Un cegador destello azul comenzó a recorrer la superficie, los contornos, rápido como una centella, chocando con los cantos y las puntas, adhiriéndose a las líneas paralelas de los cables…

Doce bolas de luz blanquiazul iniciaron unas pulsaciones regulares, como obedeciendo al compás de un cronómetro…

Rumores de cuerpos que se despertaban, se revolvían, se agitaban, fueron propagándose como arrastrados por un golpe de aire. El martilleo de las mazas, el zumbido de las ruedas de palas, el chirrido de las cadenas, el crepitar de un fuego de artificio de chispas siseantes ahogaron los gritos de Don.

Las tres figuras, pálidas como yeso bajo la luz azulada, se detuvieron paralizadas al borde del sendero, con la mirada suspendida sobre un abismo de manchas luminosas y sombras en disolución.

—Desintegración atómica —dijo quejumbrosamente Rene.

Había echado a correr junto al pequeño muro sobre el que había saltado Don y le vio desaparecer en un negro agujero. Se izó otra vez hasta el sendero, siguió corriendo, y vio reaparecer el cuerpo de Don: una pala mecánica lo empujó sobre una hilera de cedazos, hasta que por fin se deslizó entre la ancha retícula del último de ellos… Cayó en una de las ranuras que desde el primer momento habían llamado su atención, comenzó a dar tumbos pendiente abajo, intentó frenar la caída, pero en vano, desapareció por un agujero, salió proyectado otra vez un poco más adelante, atravesó el mecanismo de eliminación de la ganga, el objeto acampanado cayó entonces sobre él, una especie de red de alambre lo izó en el aire y lo dejó caer sobre la fosa donde habían visto el resplandor azul algunas horas antes…

Rene ya había interrumpido su carrera. Se tapó la cara con las manos.

Todo terminó tan bruscamente como había comenzado. Se hizo el silencio. Un silencio de muerte.

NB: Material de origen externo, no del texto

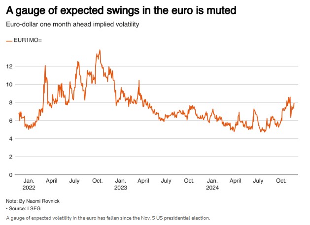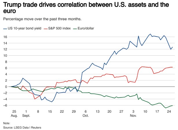 市场对欧元兑美元汇率的敏感性也有所上升,此前外汇策略师表示,交易员争相买入期权合约,这些合约结合了对特朗普政策的跨资产结果的押注,如欧元走软和标普指数上涨。

La oscuridad tardó un rato en recubrir los objetos con su tranquilizadora tonalidad gris después de la fuerte luminosidad que lo había inundado todo.

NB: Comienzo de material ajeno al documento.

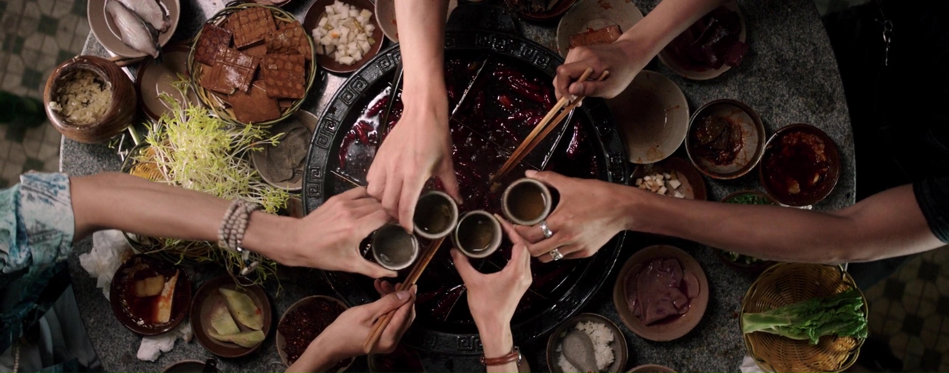 i finally finished watching chongqing hotpot (2016), the sichuan-language bank heist film that takes place in chongqing. the city itself is so distinctive it's its own character almost; a chongqing bridge always seems to be in the background somewhere. as much as i love the scenery, and the language, and the nostalgia, the story itself has several plot holes. one thing that really bugs me is the lone female character speaks in mandarin, but whenever she's eating hot pot with the guys, she uses sichuan dialect even though they never explain why. my personal theory those hot pot scenes were filmed earlier, before they decided to make her character speak only mandarin.
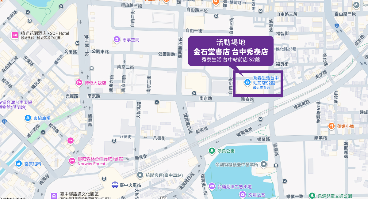 - 地 點|台中市東區南京路66號2F [秀泰生活 台中站前店 S2館]
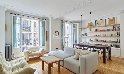 In a quiet environment, this apartment90 m² (about 968 ft²), built in 1900, in a building of 6 floors comprises 4 rooms including 2 bedrooms, 1 bathroom and 2 toilets. It is provided with a living room 40 m² (about 430 ft²), with a Fitted kitchen/dining room and with a cellar. It's located on the 6th floor. Heating : Individual gaz radiator. Others : digicode, fireplace.
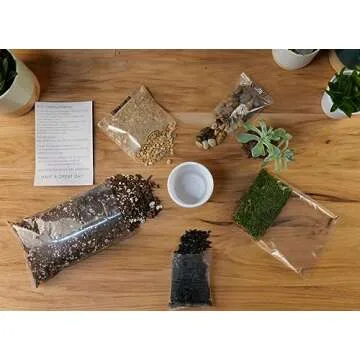 While many terrarium kits on the market include sterilized and low-quality soil, the TerraGreen Creations Succulent Planter Kit distinguishes itself by offering unadulterated bioactive soil curated for optimal succulent health. Unlike competitors, our kit is tailored for ease of use, ensuring every user experiences minimal mess and maximum enjoyment. Additionally, the thoughtful packaging (including zip lock bags for convenience) sets this kit apart as a user-friendly option, especially for those with mobility issues or beginners who may require a simpler setup.

Arriba, en el sendero, resonaron unos pasos. Jak, Tonio y Heiko se marchaban sin preocuparse por la suerte del otro grupo.

Rene buscó a Al y Katia con la mirada; vio a ambos de pie junto a la cinta transportadora, cada cual perdido en sus propios pensamientos. También ellos abandonaron el lugar sin decir palabra. Bajo el fulgor de desconocidas constelaciones, emprendieron el regreso al campamento que habían establecido al otro lado de la muralla.